Set Limits and Milestones for 3 to 5 Years Children

Continue to Set Limits

Keep in mind that testing limits is what all children do. It is perfectly normal. This can be frustrating and create stress for you but remember you have more than one way of dealing with the situation. 

  • Talk to him and explain why he shouldn’t have done what he did. 
  • Offer choices that you control. 
  • Get him interested in something else. 
  • Give him a brief time alone or time without excitement to allow him to calm down. 
  • Take something away from him that means a lot to him. For example, don’t let him watch his favorite TV show. 
  • Neve spank, hit or shake your child. This can make things worse and teaches your child that hurting people is all right. 

Milestones:

At 3 he can:

  • Jump in place, kick a ball.
  • Ride a tricycle.
  • Know his name, age and sex.
  • Feed and dress himself.
  • Show early imaginative behavior

At 4 she can:

  • Sing a song
  • Know about things used at home like food appliances.
  • Draw a person with three parts
  • Be aware of gender (self and others)
  • Distinguish make believe from reality
  • Give first and last name
  • Talk about her daily activities and experiences
  • Build a tower of ten blocks
  • Hop and jump on one foot
  • Ride a tricycle or bicycle with training wheels ( remember to use a bike helmet! )
  • Throw a ball overhand.

At 5 he can:

  • Dress himself without help
  • Know his address and telephone number
  • Count on his fingers
  • Copy a triangle or square
  • Draw a person with a head, body, arms and legs
  • Recognize many letters of a alphabet.
  • Print some letters
  • Play make-believe and dress-up
  • Possible skip

Talk with your doctor if your child is not doing most of these things yet. Your doctor may want to see your child to evaluate his development. 

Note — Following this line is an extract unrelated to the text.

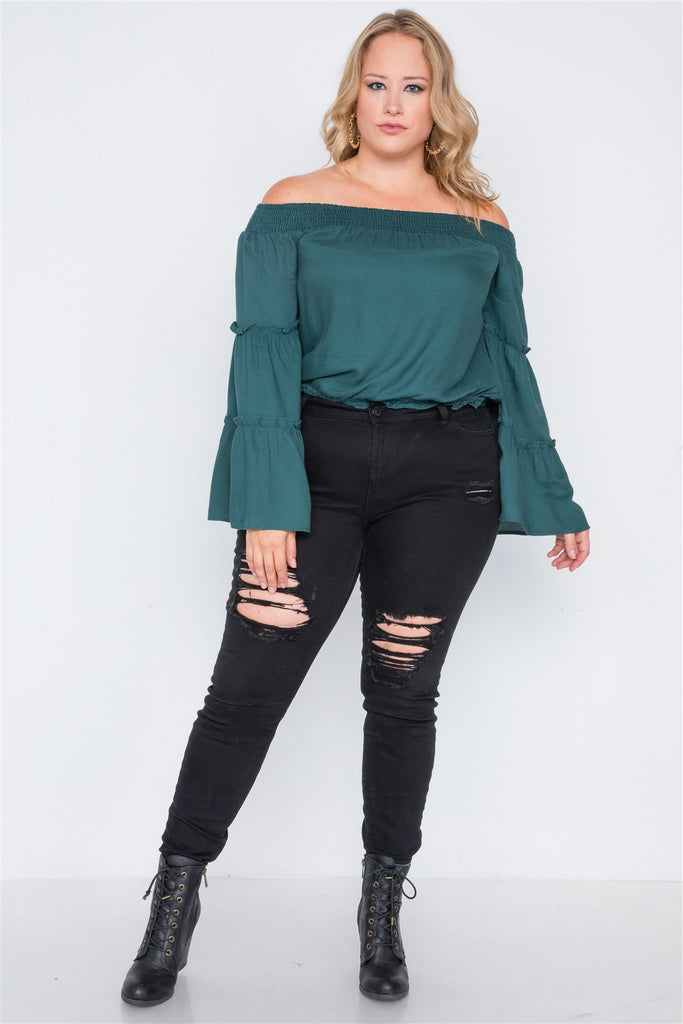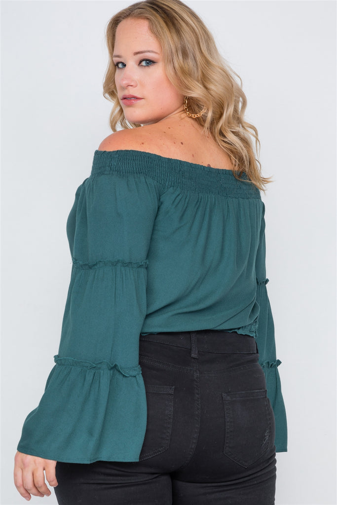 Plus Size Off-the-shoulders Bell Sleeve Top

Now is the time to spend time with your child because all the old saying are true. “They are only young once.” “They grow so fast.”

The last section of this book deals with childcare. It talks about the decisions parents face when searching for quality childcare. This is an important decision. These first 5 years are the most important of your child’s life. Remember, your choices will shape their chances.